**Work item**
Transcribe the listing below exactly, without pictures.

**Data block**
'''
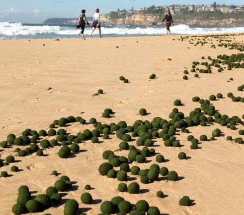 澳大利亚悉尼的Dee Why海滩上最近出现大量绿色“海藻蛋”。当地人这对《每日邮报》称,此前从没见过这种神秘“活海藻球”。
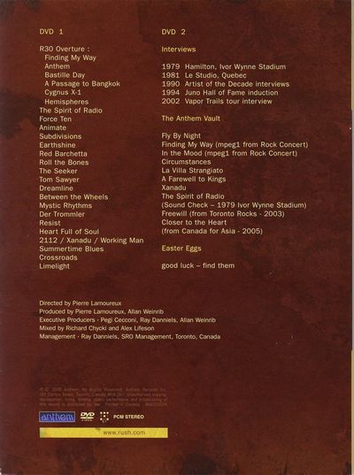 The R30 Deluxe Edition 2 DVD & 2 CD set features Rush's Frankfurt, Germany concert in September 2004 near the close of their 30th Anniversary World Tour. The performance was captured with 14 cameras in high definition and is presented in 16:9 widescreen format. Audio options include Dolby Digital 5.1 Surround Sound or PCM Stereo. Songs include the exclusive "R30 Overture" (an instrumental medley of "Finding My Way," "Anthem," "Bastille Day," "A Passage To Bangkok," "Cygnus X-1," and "Hemispheres), "Xanadu," "Subdivisions," "Red Barchetta," "Summertime Blues" (from last year's covers EP Feedback), and the "vault" track "Between The Wheels" which hasn't been performed live in 20 years.The 2 CD soundtrack is not available separately. Bonus features include rare and classic performance footage from the late '70s to the Canadian Tsunami Relief Benefit earlier this year along with interviews from throughout the band's career. Also contains two limited edition Rush guitar picks and souvenir backstage pass.
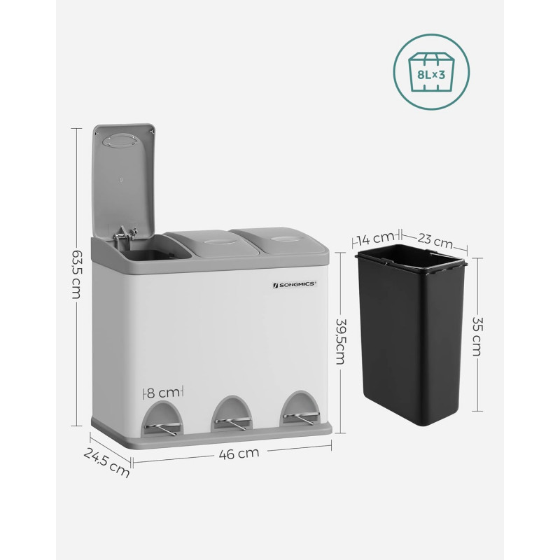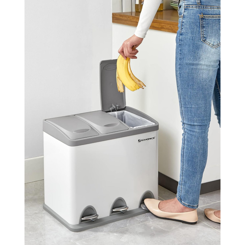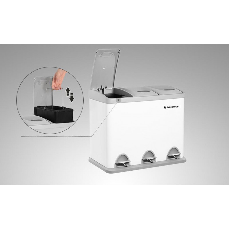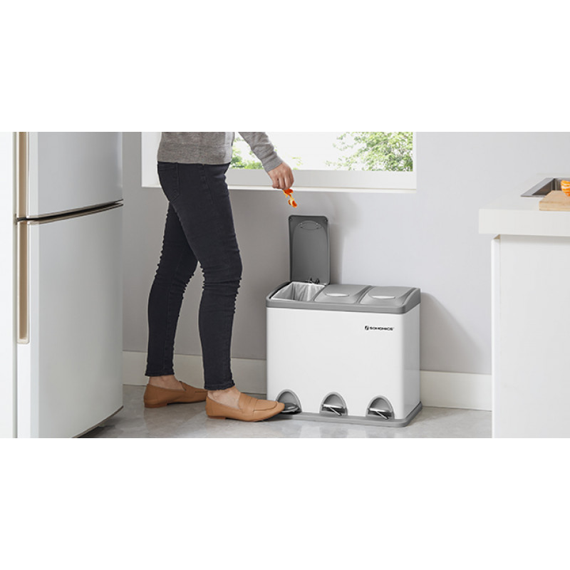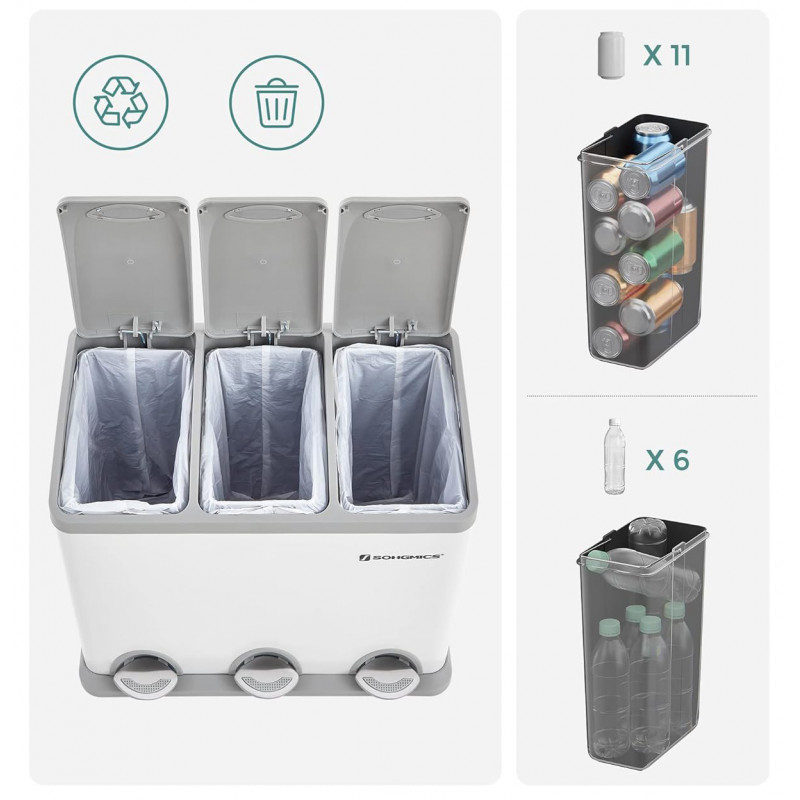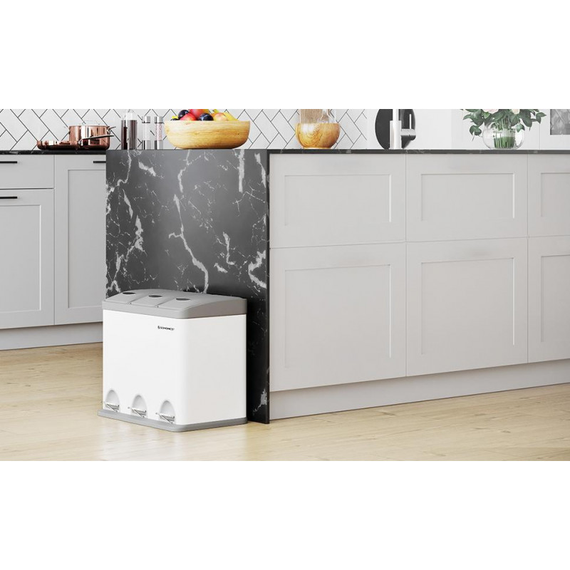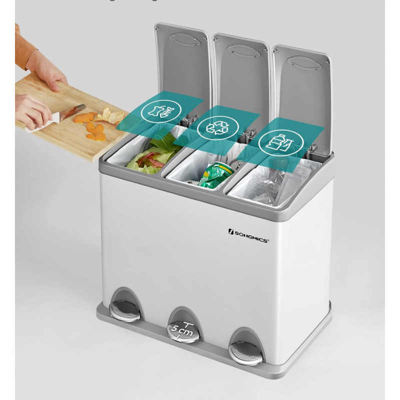 Ce primiti: Un cos de gunoi modern de 24 de litri, cu 3 compartimente, care va ajuta sa va sortati usor gunoiul. Asa ca rasfatati-va cu acest cos de gunoi si creati o casa curata.
'''
**Worked solution**
 澳大利亚悉尼的Dee Why海滩上最近出现大量绿色“海藻蛋”。当地人这对《每日邮报》称,此前从没见过这种神秘“活海藻球”。
 The R30 Deluxe Edition 2 DVD & 2 CD set features Rush's Frankfurt, Germany concert in September 2004 near the close of their 30th Anniversary World Tour. The performance was captured with 14 cameras in high definition and is presented in 16:9 widescreen format. Audio options include Dolby Digital 5.1 Surround Sound or PCM Stereo. Songs include the exclusive "R30 Overture" (an instrumental medley of "Finding My Way," "Anthem," "Bastille Day," "A Passage To Bangkok," "Cygnus X-1," and "Hemispheres), "Xanadu," "Subdivisions," "Red Barchetta," "Summertime Blues" (from last year's covers EP Feedback), and the "vault" track "Between The Wheels" which hasn't been performed live in 20 years.The 2 CD soundtrack is not available separately. Bonus features include rare and classic performance footage from the late '70s to the Canadian Tsunami Relief Benefit earlier this year along with interviews from throughout the band's career. Also contains two limited edition Rush guitar picks and souvenir backstage pass.
 Ce primiti: Un cos de gunoi modern de 24 de litri, cu 3 compartimente, care va ajuta sa va sortati usor gunoiul. Asa ca rasfatati-va cu acest cos de gunoi si creati o casa curata.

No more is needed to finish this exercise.